As to the second ground and the complaint as to insufficient weight being given to the weather, the weight given to evidence was a matter for the Magistrate and does not demonstrate error. Further the District Court Judge in his review of the evidence observed that Mr Hayes had not been swayed in cross-examination. Mr Hayes had rejected the propositions put in cross-examination that the colour, proximity or number of cars, the officers distance from the cars or the weather at the time would have negatively impacted on the accuracy of the Lidar measurement.
As to the third ground there was competing expert evidence from Mr Hayes called on behalf of the prosecution and Professor Nebot called on behalf of the applicant. It was beholden on the Magistrate and the District Court Judge to assess that evidence and determine which evidence to accept. The applicant has not identified any error in that assessment. The District Court Judge in his review of the evidence, considered the evidence of Professor Nebot and noted that the overall effect of his evidence was that the presence of the other cars and the distance over which the Lidar was operating created the risk that:
(a)another car speed could have been measured, or
(b)that “wrong information” could result.

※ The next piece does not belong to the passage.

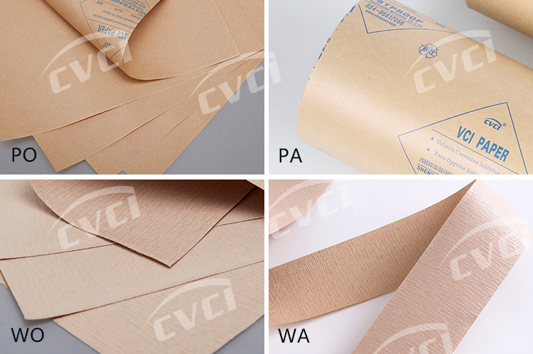 將VCI(氣相緩蝕劑)含浸于平紋或皺紋中性原紙上起到防銹目的,在中性防銹原紙上可通過復合PE層起到防水包裝目的。其中,VCI起防銹作用,平紋或皺紋原紙為載體,PE層加強防水防潮功能。我們的防銹紙可按用戶要求提供印刷服務。產(chǎn)品滿足標準QB/T 1319或JIS Z 1535要求。

His Honour noted that with respect to (a) self-evidentially that could not assist the applicant’s case as it was accepted at trial and on appeal that the applicant’s car had been overtaking all other cars and hence was travelling faster than those cars. Had the speed reading come from another car it necessarily would have understated the applicant’s cars speed. As to (b) his Honour stated that Professor Nebot did not give any explanation of how it was that “wrong information” could result from the presence of other cars. His Honour noted that to the extent he opined that there was doubt that the Lidar’s reading was accurate, his evidence was in conflict with Mr Hayes’ evidence in that regard and that it was open to the Magistrate to accept Mr Hayes’ evidence.
The District Court Judge also considered the question of whether the Magistrate gave too much weight to the evidence of the prosecution expert, Mr Hayes, and too little weight to the evidence of the defence expert. He conducted a review of the evidence and concluded that the Magistrate had not given too much weight to Mr Hayes’ evidence and found that it was open to the Magistrate to have accepted Mr Hayes’ opinion evidence in preference to that of Professor Nebot. His Honour additionally found having conducted a review of all of the evidence at trial, that “the evidence adduced at trial proved beyond reasonable doubt that the speed of the applicant’s car exceeded 140 kilometres per hour (even if only to a small degree)”.[4] The applicant has not demonstrated error in his Honour’s finding.
[4]Akermanis v Queensland Police Service, unreported, District Court of Queensland, Power KC DCJ, D43/2023, 31 May 2024 at [36].
The applicant did not show any arguable error in the decision of the District Court Judge, let alone that a substantial injustice has been caused by the decision below. The application for leave was therefore refused.